Everyone evacuates Discovery for Enterprise, which is now finally fixed, but Discovery knows it’s the star of the show and refuses to let itself be blown up. Michael reckons that the solution is to build a new Red Angel suit and have her tow Discovery to the far future so Control can’t get it. A new red signal leads Discovery to Xahea, where Adorably Goofy Ensign Tilly reunites with her buddy the queen, who – I called it – works out a way to use her dilithium recrystalizing technology to power the time crystal, but with the caveat that the process would shorten the crystal’s lifespan, so Michael will be trapped in the future. All the named characters decide to stay on Discovery and go to the future with Michael except for Tyler and Pike, and maybe Hugh. Enterprise catches up with them near Xahea just a few minutes ahead of Control’s fleet, and everyone throws down for the big climactic battle.

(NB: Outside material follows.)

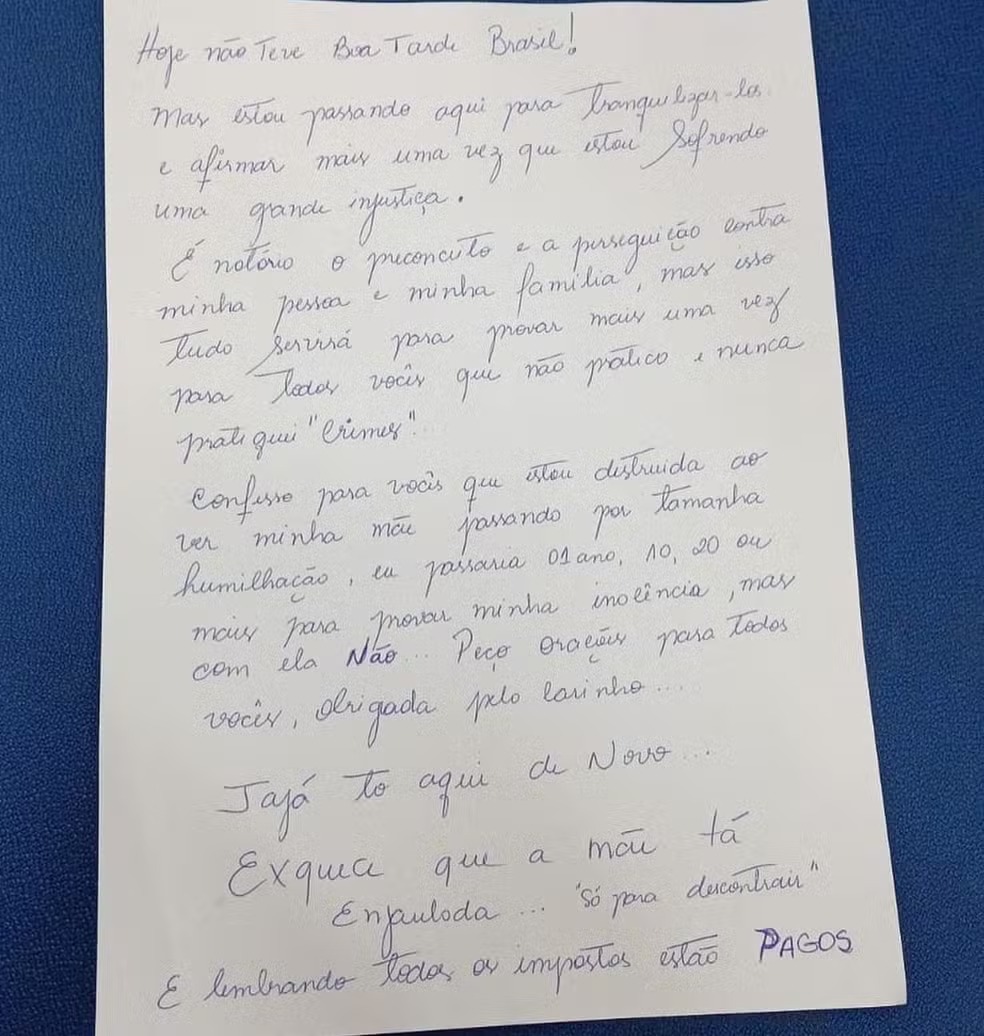 “Hoje não teve boa-tarde, Brasil! Mas estou passando aqui para tranquilizá-los e afirmar mais uma vez que estou sofrendo uma grande injustiça. É notório o preconceito e a perseguição contra minha pessoa e minha família, mas isso tudo servirá para provar mais uma vez para todos vocês que não prático e nunca pratiquei ‘crimes’.

It’s a little wheel-spinny. One last chance to get in some character development before an action-packed denouement, I guess. The main selling point of this episode is very straightforwardly that we get a good long look at the Enterprise, including our first look at the bridge, and it is predictably lovely. Though it’s consistent with the Discovery visual style overall, there’s also many more touches to remind us of the classic TOS design. The chairs look like TOS chairs. The conn has the familiar red alert lamp in the center. Some stations have those pop-up 3D viewmaster things. The elevators have handles you have to grab. Enterprise is also a lot smaller than Discovery. Most of the difference is down to Discovery’s extremely long nacelles. Their footprints are otherwise pretty close, but the shape of Discovery’s secondary hull gives it a tremendous difference in interior volume. In fact, Enterprise is smaller than virtually all the Starfleet ships in Discovery, which is consistent with the notion that Enterprise is already a fairly old ship (It’s more than ten years old in Discovery, which is probably not as old as the Shenzhou, which was already “old” four years after Enterprise’s launch. We have no idea what counts as “old” for a starship, really. US Navy ships have operational lifetimes mostly around 40 years, but they don’t go into space. NASA’s space shuttles were designed to last 10-15 years. The only number I can recall for Starfleet ships is Admiral Morrow in Star Trek III telling Kirk that the Enterprise was due for retirement because it was twenty years old, which doesn’t fit into any reasonable sort of timeline because the Enterprise was already older than that during TOS). This episode to a large extent does what the season premier carefully avoided doing: letting the gravity of the Enterprise take over the story. At the other end of the season, we had to keep it at arms’ length, but by now we’re confident enough in Discovery’s identity in this new postwar story arc that we can afford to let the Starship Porn carry us off for a bit before we finish up. So:
- The beginning sequence, where Discovery sort of rolls itself around Enterprise to get into docking position is super lovely.
- Discovery’s origami evacuation tunnels that unfold themselves into position. Joyous.
- When Pike grabs the handle in the elevator on the Enterprise, the Discovery crew all give it a slightly incredulous look.
- Michael gets a vision from the time crystal which prompts her to stop Pike from trying to blow up Discovery the old-fashioned way lest it raise its shields. She doesn’t explain how she’s so confident about what’s going on, but Pike gives her a haunted look that very clearly conveys that he knows what’s going down. It’s not the only time in the episode when he uses that look. This seems to be how they convey the effect that his own vision had on him.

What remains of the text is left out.